* **Work to complete**
Look through the records below for the line with "そしてごはん入れてる間はにゃーにゃーゆうてごろんごろんして待ってます". Return that line and each one after it up to and including the line with "Hair Trigger: 100%", exactly.

* **Provided material**
-*-
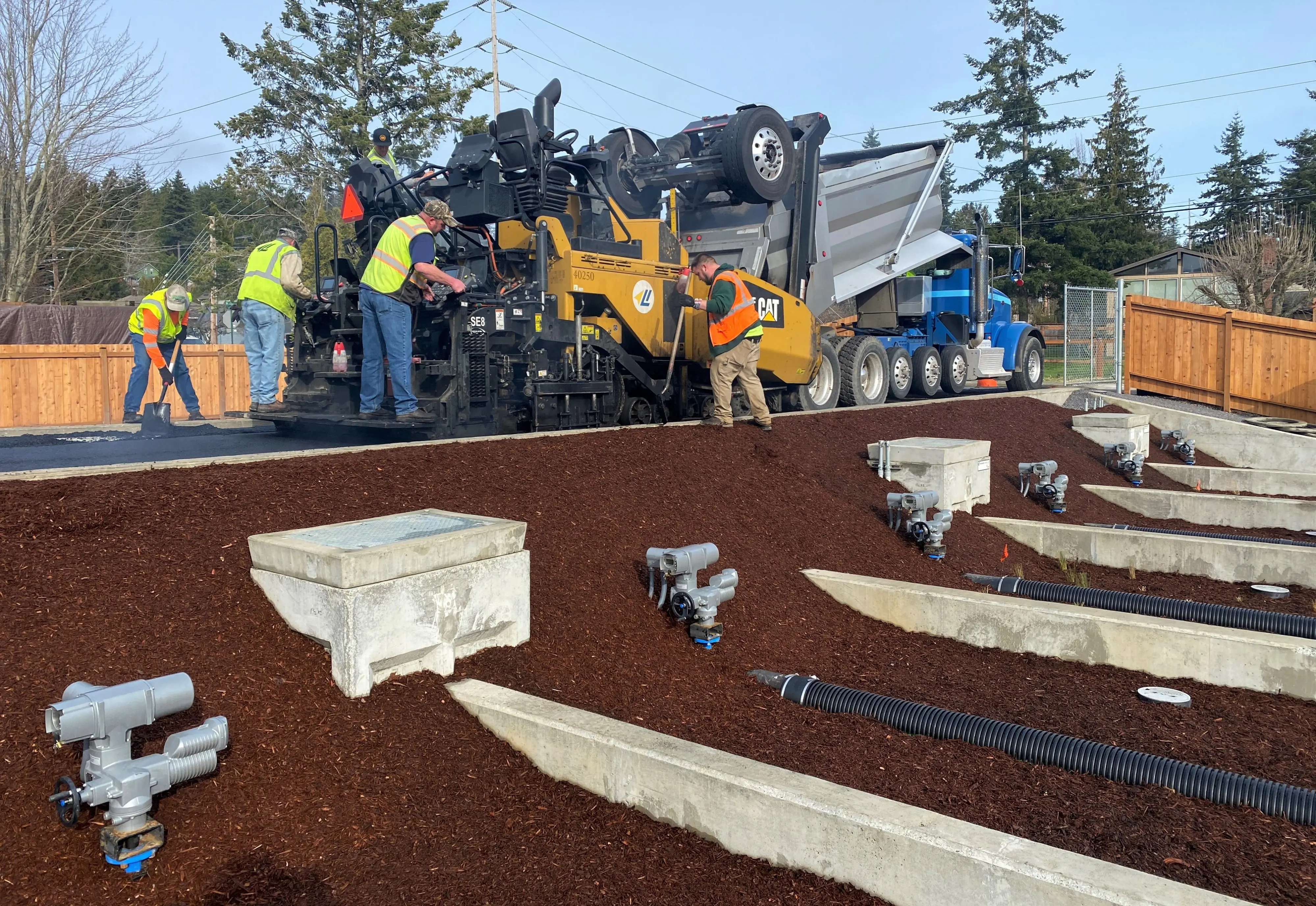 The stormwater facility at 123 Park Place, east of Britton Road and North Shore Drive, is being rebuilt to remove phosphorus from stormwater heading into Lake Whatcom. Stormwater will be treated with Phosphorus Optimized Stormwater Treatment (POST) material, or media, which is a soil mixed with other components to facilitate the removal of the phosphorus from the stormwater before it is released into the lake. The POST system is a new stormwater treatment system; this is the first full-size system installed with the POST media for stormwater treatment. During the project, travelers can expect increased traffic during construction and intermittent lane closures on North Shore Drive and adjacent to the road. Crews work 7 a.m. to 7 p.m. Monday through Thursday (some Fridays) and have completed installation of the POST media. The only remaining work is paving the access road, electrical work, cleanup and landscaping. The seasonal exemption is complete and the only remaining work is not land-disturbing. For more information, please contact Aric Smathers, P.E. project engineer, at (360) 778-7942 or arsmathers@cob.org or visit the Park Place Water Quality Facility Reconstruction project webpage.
-*-
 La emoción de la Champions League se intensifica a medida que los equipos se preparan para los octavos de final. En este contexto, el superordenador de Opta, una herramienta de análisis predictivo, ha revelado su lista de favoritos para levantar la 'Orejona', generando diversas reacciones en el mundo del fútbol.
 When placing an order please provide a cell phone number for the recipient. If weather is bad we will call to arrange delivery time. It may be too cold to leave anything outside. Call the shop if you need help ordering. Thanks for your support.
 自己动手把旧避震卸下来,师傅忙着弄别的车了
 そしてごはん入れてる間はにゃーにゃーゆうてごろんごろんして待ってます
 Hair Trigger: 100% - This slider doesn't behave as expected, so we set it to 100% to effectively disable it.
-*-
* **Solution**
 そしてごはん入れてる間はにゃーにゃーゆうてごろんごろんして待ってます
 Hair Trigger: 100% - This slider doesn't behave as expected, so we set it to 100% to effectively disable it.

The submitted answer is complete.